Fiction by | December 16, 2018

Day 8
I think I now need to keep track of time. Time has been odd, has been queer, has been time has been odd, has been. There’s a loop that loops that there is a loop that goes on in my head ever since I started to attempt to understand time has been odd, has been queer, has been a loop since I tried to understand the sounds that came from this, well, I don’t even know what this is. I remember nothing from before it, but I remember now before it but I remember. I remember it came to me in a dream, a dream that came to me the night I saw it in a dream. Well, not really saw, more like felt. At least I think I felt it. That’s the thing with dreams, isn’t it? You’re never really completely sure how to word them out when you wake up. Then again, it’s not like there were any words, it was more like I felt it all around me, I think I felt it.

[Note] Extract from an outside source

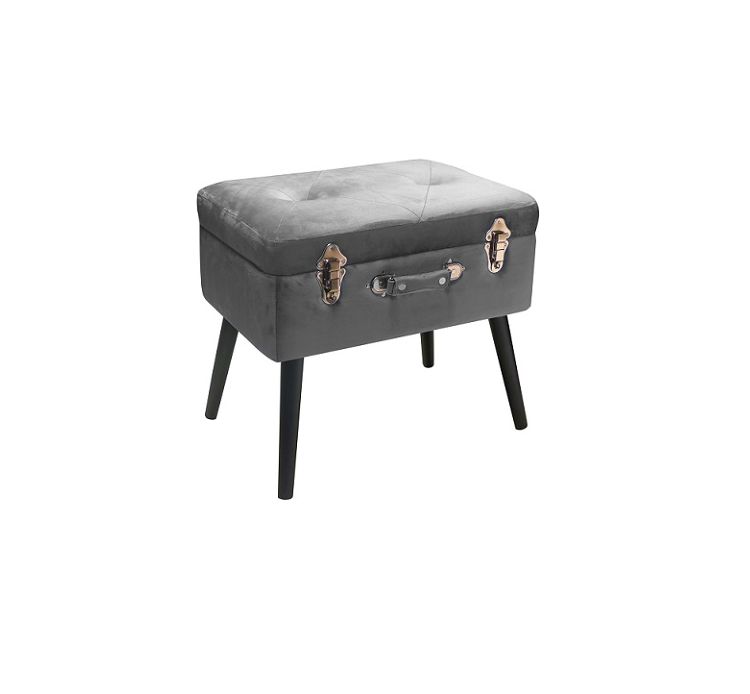 Comodo sgabello si accosta alla perfezione ad ogni stile d’arredamento: la struttura è realizzata in legno MDF, il rivestimento interno in canvas, l'imbottitura in spugna e il tessuto è con effetto velluto (tranne il grigio che può essere anche in tessuto normale).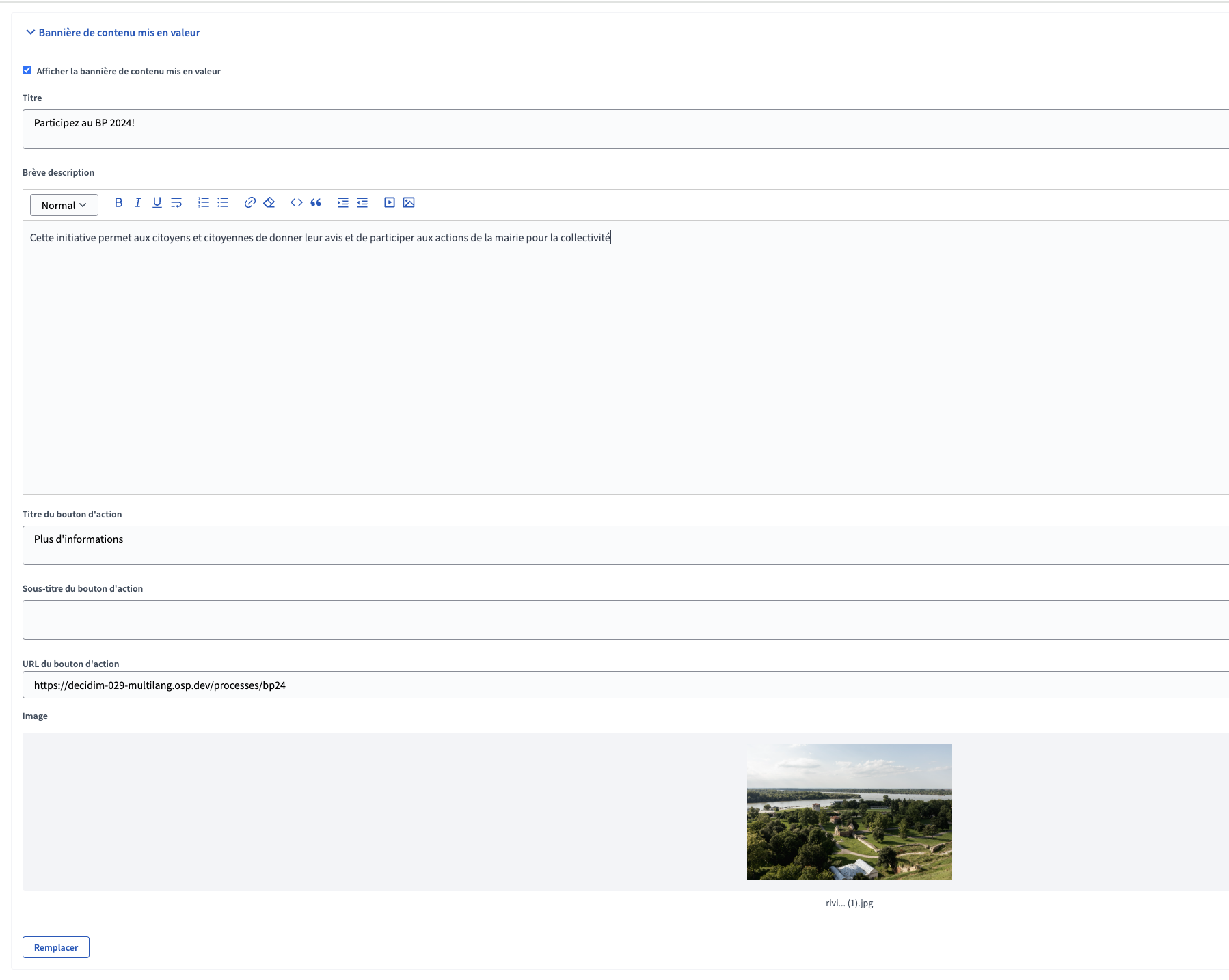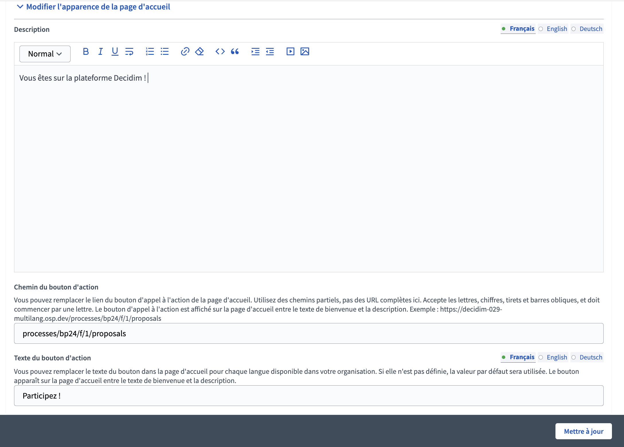 Ce champ permet de présenter une description générale de l'instance et de configurer un bouton d'appel à l'action, visible sur la page d'accueil, afin d'inciter les participant·es à rejoindre une concertation spécifique, comme le vote d'un budget participatif, par exemple.

It’s odd, it’s queer, it has been like that in a loop ever since it came to me in a dream. It spoke to me, it spoke to me in a feeling that I felt all around me, inside me, outside me, it spoke to me in a feeling. It whispered words into my ears and into my mind, in a feeling I tried to understand time has been odd, has been queer, has been a loop and it told me things I cannot comprehend. Ah well, that was 8 days ago ever since it was 7 days ago since it was 10 years ago since it came to me in a dream. I’m tired now, I think I’ll rest. I do not know why, but sleeping on this flesh is better than sleeping on the cold rock floor of this cave where I’ll rest I’m tired now.